#### [WORK ORDER]
Look for the line containing "크롭 기장의 셔링 디자인은" and the line containing "Yarım düğme detaylıdır,4.düğmeden" in the entries below. Copy those two and all lines between them exactly, leaving out pictures.

#### [DATASET]
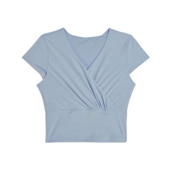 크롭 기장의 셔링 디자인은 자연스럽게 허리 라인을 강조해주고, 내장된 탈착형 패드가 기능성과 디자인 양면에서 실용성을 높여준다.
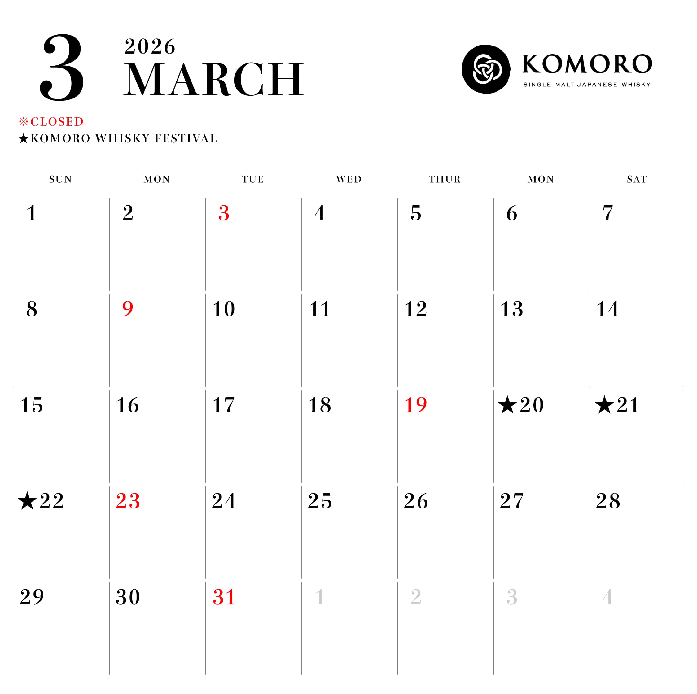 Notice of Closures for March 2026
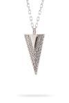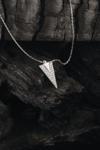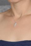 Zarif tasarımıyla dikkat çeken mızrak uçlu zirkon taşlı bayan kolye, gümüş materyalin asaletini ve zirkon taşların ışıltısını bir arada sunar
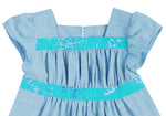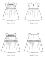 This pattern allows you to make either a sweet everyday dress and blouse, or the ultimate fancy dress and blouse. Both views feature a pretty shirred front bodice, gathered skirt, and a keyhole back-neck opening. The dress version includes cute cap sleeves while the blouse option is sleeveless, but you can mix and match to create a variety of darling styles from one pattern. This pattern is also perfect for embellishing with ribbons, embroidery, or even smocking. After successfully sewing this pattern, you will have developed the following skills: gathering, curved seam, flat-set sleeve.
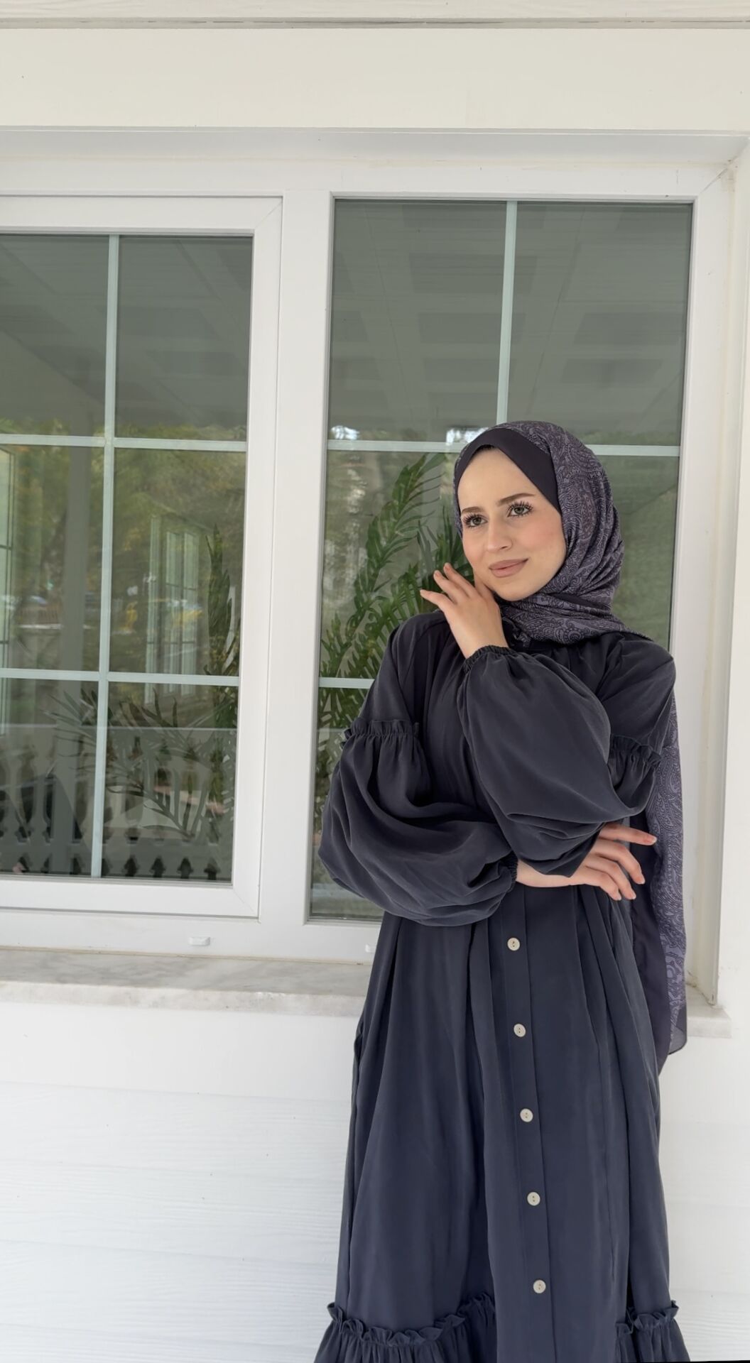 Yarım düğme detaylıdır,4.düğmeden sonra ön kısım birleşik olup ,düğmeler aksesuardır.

--

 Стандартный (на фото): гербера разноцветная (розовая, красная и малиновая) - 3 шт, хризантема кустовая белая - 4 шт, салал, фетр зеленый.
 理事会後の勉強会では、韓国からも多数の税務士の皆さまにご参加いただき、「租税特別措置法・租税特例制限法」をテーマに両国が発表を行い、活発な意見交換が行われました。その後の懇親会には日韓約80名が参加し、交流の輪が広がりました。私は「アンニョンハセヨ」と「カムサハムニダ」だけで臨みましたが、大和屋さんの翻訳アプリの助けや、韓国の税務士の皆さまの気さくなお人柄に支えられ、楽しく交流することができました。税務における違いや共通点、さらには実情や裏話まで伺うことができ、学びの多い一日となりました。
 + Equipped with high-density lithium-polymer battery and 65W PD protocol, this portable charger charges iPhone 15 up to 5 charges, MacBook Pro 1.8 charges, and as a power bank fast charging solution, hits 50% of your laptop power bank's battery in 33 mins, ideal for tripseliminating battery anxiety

#### [OUTPUT]
 크롭 기장의 셔링 디자인은 자연스럽게 허리 라인을 강조해주고, 내장된 탈착형 패드가 기능성과 디자인 양면에서 실용성을 높여준다.
 Notice of Closures for March 2026
 Zarif tasarımıyla dikkat çeken mızrak uçlu zirkon taşlı bayan kolye, gümüş materyalin asaletini ve zirkon taşların ışıltısını bir arada sunar
 This pattern allows you to make either a sweet everyday dress and blouse, or the ultimate fancy dress and blouse. Both views feature a pretty shirred front bodice, gathered skirt, and a keyhole back-neck opening. The dress version includes cute cap sleeves while the blouse option is sleeveless, but you can mix and match to create a variety of darling styles from one pattern. This pattern is also perfect for embellishing with ribbons, embroidery, or even smocking. After successfully sewing this pattern, you will have developed the following skills: gathering, curved seam, flat-set sleeve.
 Yarım düğme detaylıdır,4.düğmeden sonra ön kısım birleşik olup ,düğmeler aksesuardır.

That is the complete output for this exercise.